To investigate the biological roles of ATF3/ILF3/NEAT1 axis, we first examined the expression of these molecules in sepsis. As presented in Fig. 1a–c, qRT-PCR showed that ATF3 was downregulated, but ILF3 and NEAT1 were upregulated in the PBMCs of septic patients, compared with that of healthy donors. Western blot revealed the decreased expression of ATF3, alone with the increased expression of ILF3 in the PBMCs derived from patients with sepsis (Fig. 1d). Spearman correlation analysis showed that there was a negative correlation between ILF3 and ATF3, as well as between ATF3 and NEAT1 in PBMCs from septic patients (Fig. 1e, f). By contrast, a positive correlation between NEAT1 and ILF3 was observed in PBMCs from patients with sepsis (Fig. 1g).
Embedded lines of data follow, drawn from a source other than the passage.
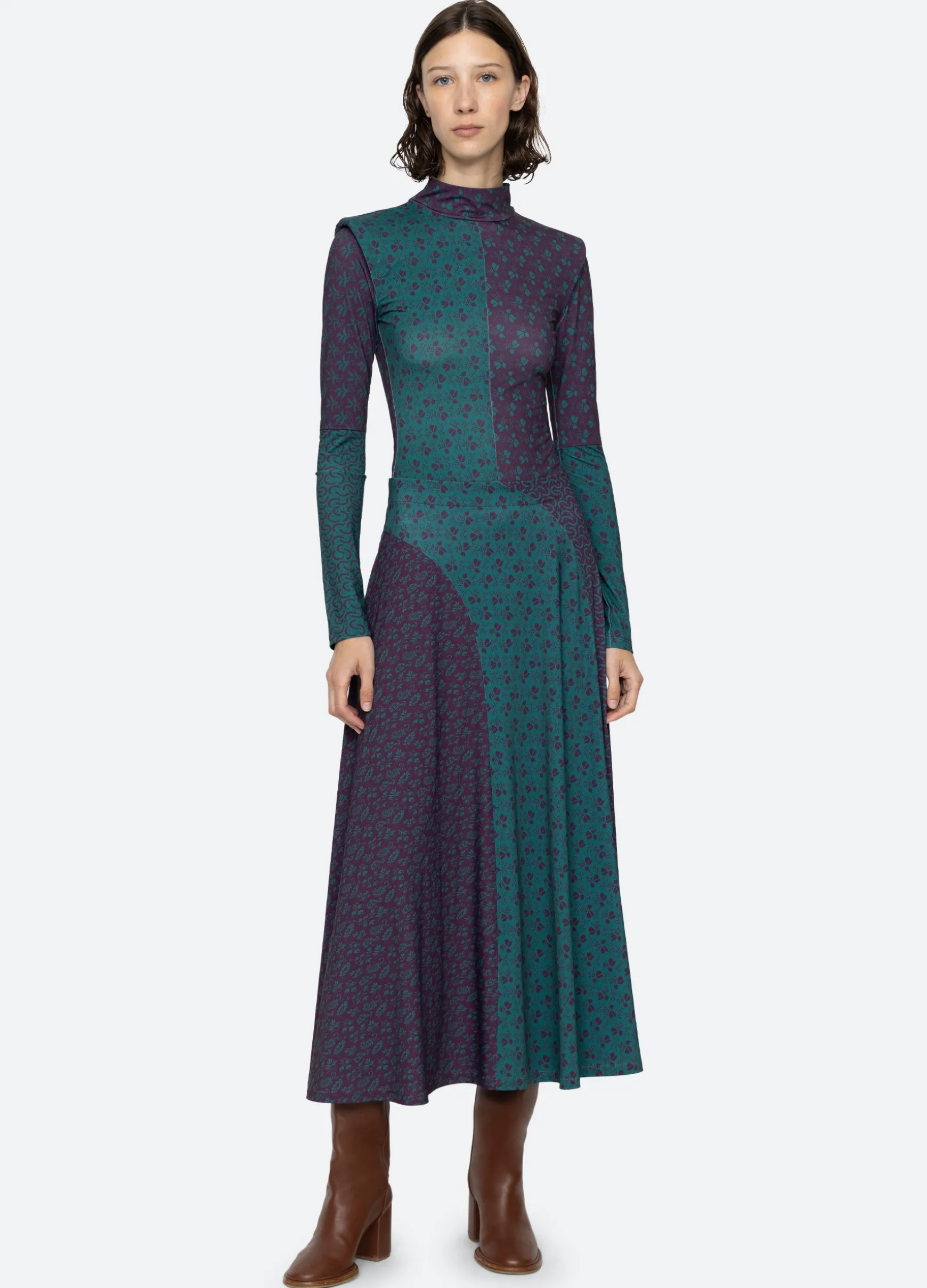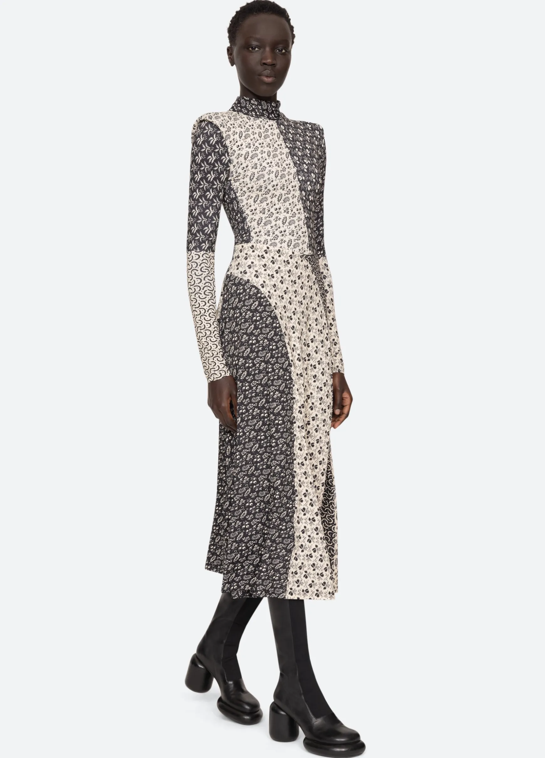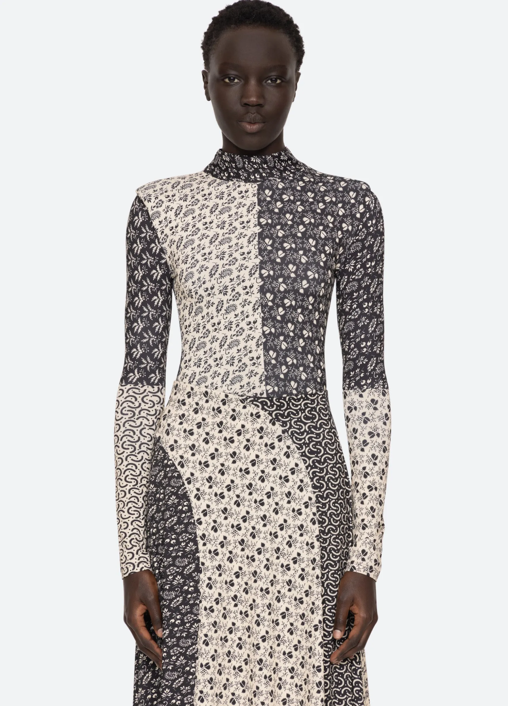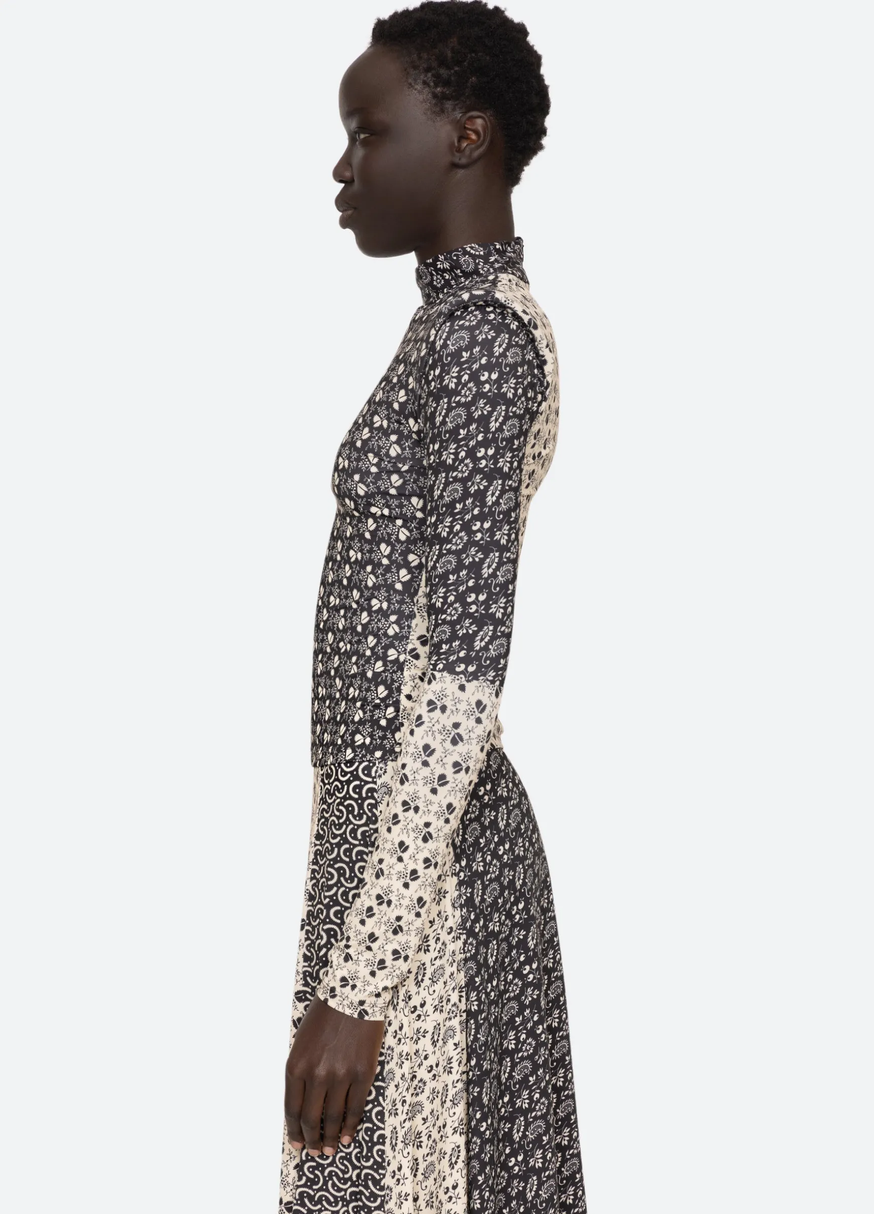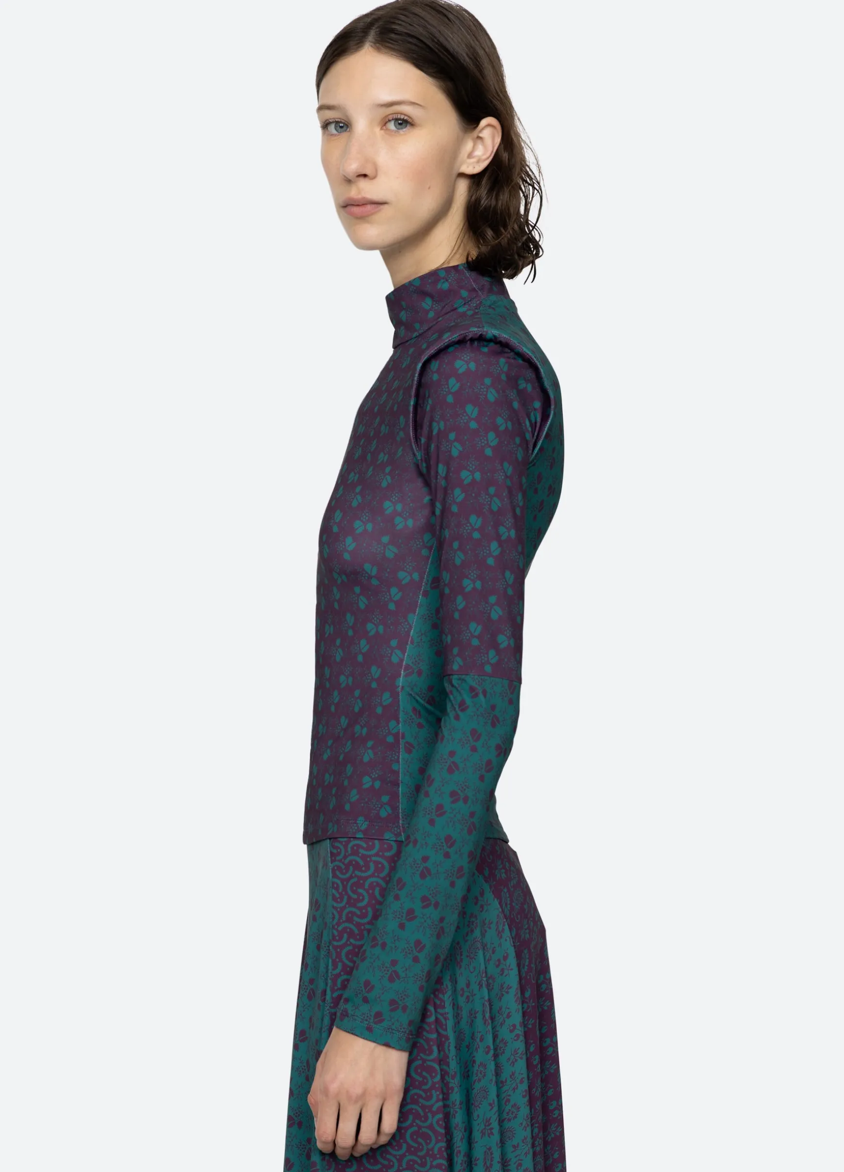 The Panna mix-up graphic print top features long sleeves, high neck and shoulder pads.
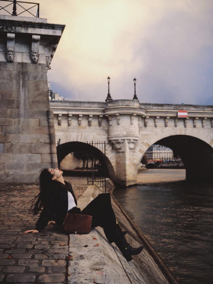 巴黎河畔的风也偏爱孙千 孙千于巴黎河畔现身,暗夜红唇与黑皮衣的搭配,复古飒姐风扑面而来。风轻吹,发丝散落,这状态随手一拍就是绝美大片,爱了!
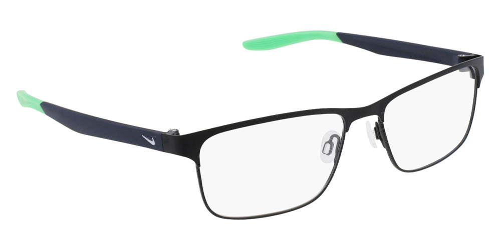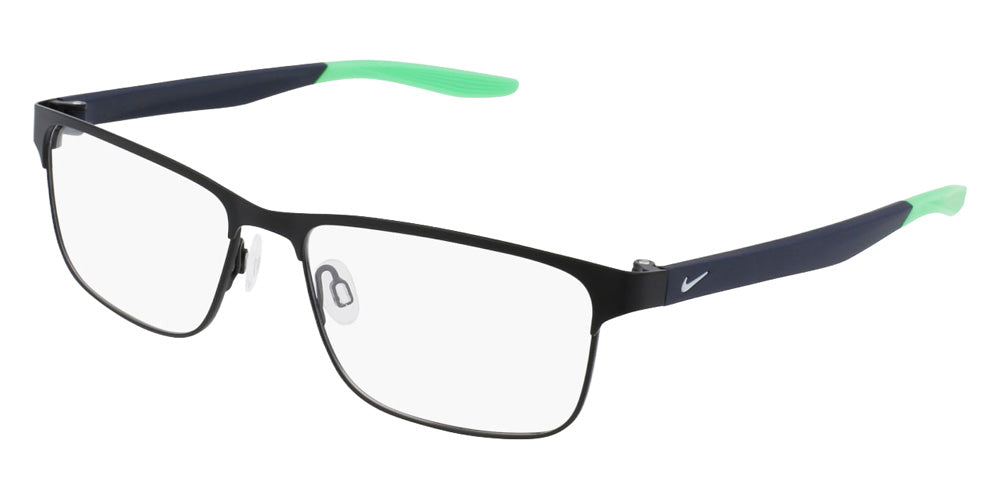 Satin Black/Electro Green (005) Eyeglasses (8130 005 54) by Nike. Size: 54-16-140, Shape: Rectangle, Material: Metal.

In consistent with the clinical data, ATF3 was decreased, whereas ILF3 and NEAT1 were increased in LPS-stimulated RAW264.7 cells (Fig. 1h–k). The reduction of ATF3 and induction of ILF3 in LPS-treated RAW264.7 cells were further confirmed by western blot (Fig. 1k). These findings suggest that ATF3 was reduced, while ILF3 and NEAT1 were elevated in sepsis.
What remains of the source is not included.